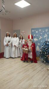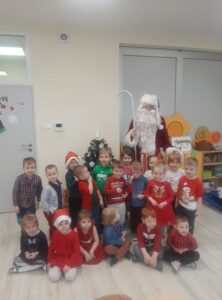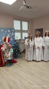 Wizyta Świętego Mikołaja w przedszkolu to ważne wydarzenie dla wszystkich dzieci! Od samego rana w placówce panowała radość i poruszenie. Przedszkolaki z wielką niecierpliwością oczekiwały przyjścia niezwykłego gościa. Święty Mikołaj przybył do naszego przedszkola w towarzystwie pomocników – Aniołków. Z wielką uwagą wysłuchał przygotowanych przez dzieci piosenek i każdego grzecznego przedszkolaka obdarował upominkiem. Dziękujemy Ci, Święty Mikołaju! Do zobaczenia za rok!
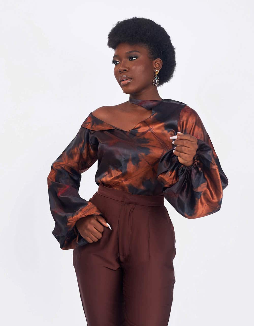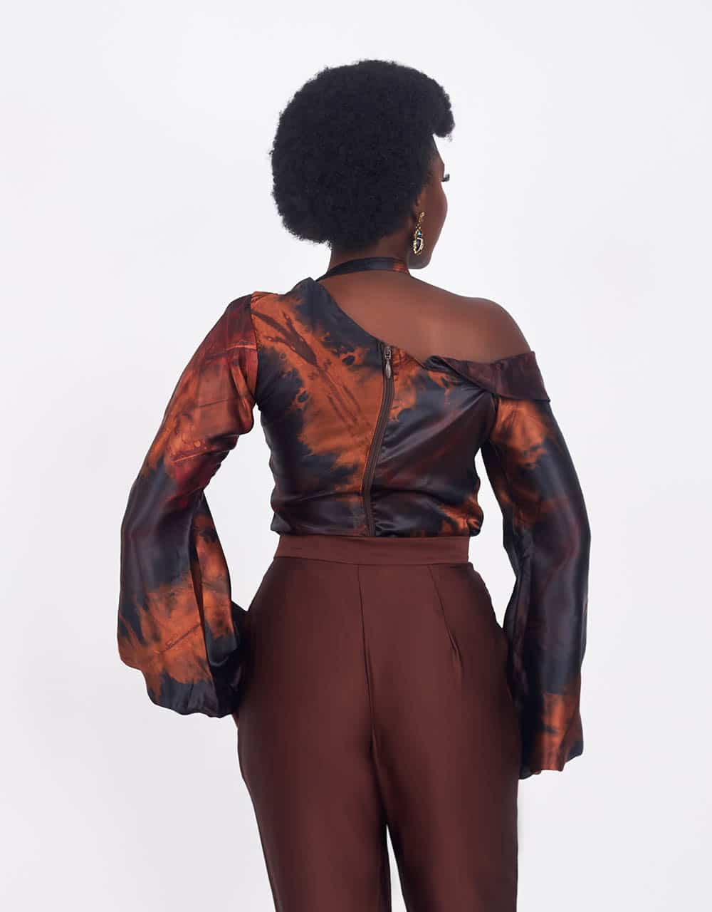 Nerose Asymmetric Blouse with Balloon Sleeves
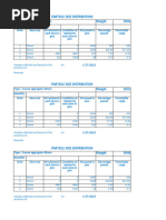 This document contains two graphs showing the relationship between sieve size and weight of particles. The first graph plots sieve size on the x-axis and weight of particles on the y-axis, showing an inverse relationship where smaller sieve sizes correspond to higher weights. The second table provides numerical data on sieve size (logged) and corresponding weight of particles measured, following the same inverse trend.
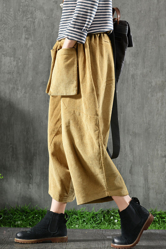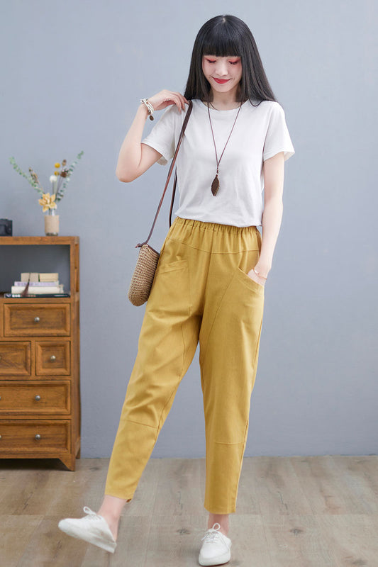 Yellow Casual Linen Cropped Pants C2257#YY05127
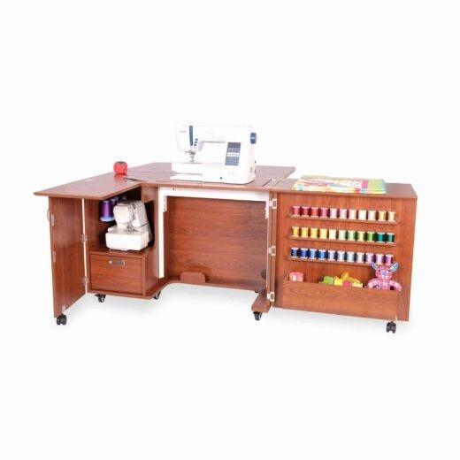 One of 3 signature sewing cabinets from Kangaroo Sewing Furniture, Wallaby is a dynamic, full-size sewing cabinet ready to elevate your sewing and quilting adventures! Wallaby features a 3 position hydraulic lift for free arm and flat bed sewing, and dynamic storage solutions for your serger, thread and other sewing notions! Wallaby’s expansive worksurface is highlighted by a foldable rear quilt leaf to keep large quilting projects from falling to the floor! Keep all of your sewing materials in immediate reach, and add style, comfort and convenience to your growing sewing studio!
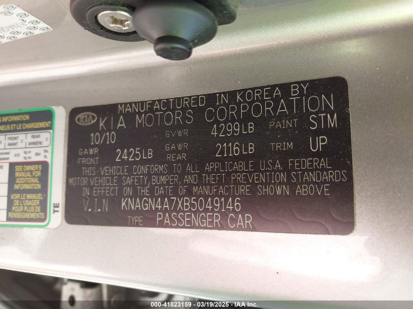 2011 KIA OPTIMA 2011 Gasoline, 2.4, Front wheel drive, VIN - KNAGN4A7XB5****** from the USA
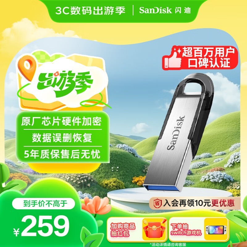 闪迪 CZ73 USB 3.0 U盘,512GB大容量,银色外观精致时尚,兼具高效传输与数据安全功能。闪迪 CZ73 U盘采用USB 3.0技术,读取速度远超标准USB 2.0闪存盘,同时配备闪迪保险箱安全软件,通过密码保护您的机密文件,在分享的同时确保数据无忧。此外,还提供RescuePro文件恢复软件,支持一年内免费使用,轻松应对误删问题。贴心的环孔设计,便于随身携带,随时随地满足您的存储需求。
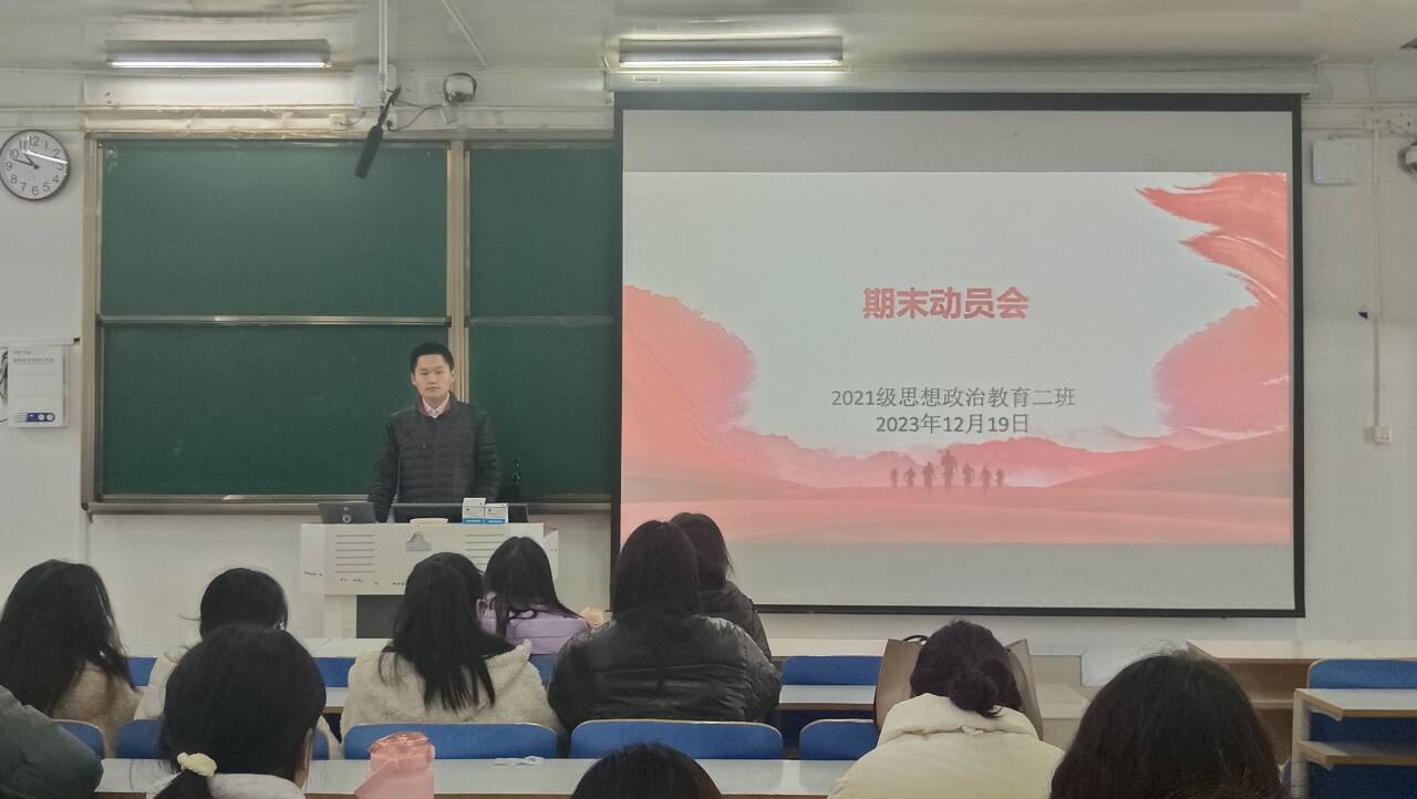 12月19日下午,WilliamHILL中国2021级思想政治教育二班在社科楼514教室召开期末动员会。2021级思想政治教育二班全体成员参加本次班会。班会由副班长任振豪主持。

> _Your task_
Work from the entries above. Set down exactly and only the lines from the line with "This document contains" to the line with "Yellow Casual Linen", both included, and leave the pictures out.

> _Exercise result_
 This document contains two graphs showing the relationship between sieve size and weight of particles. The first graph plots sieve size on the x-axis and weight of particles on the y-axis, showing an inverse relationship where smaller sieve sizes correspond to higher weights. The second table provides numerical data on sieve size (logged) and corresponding weight of particles measured, following the same inverse trend.
 Yellow Casual Linen Cropped Pants C2257#YY05127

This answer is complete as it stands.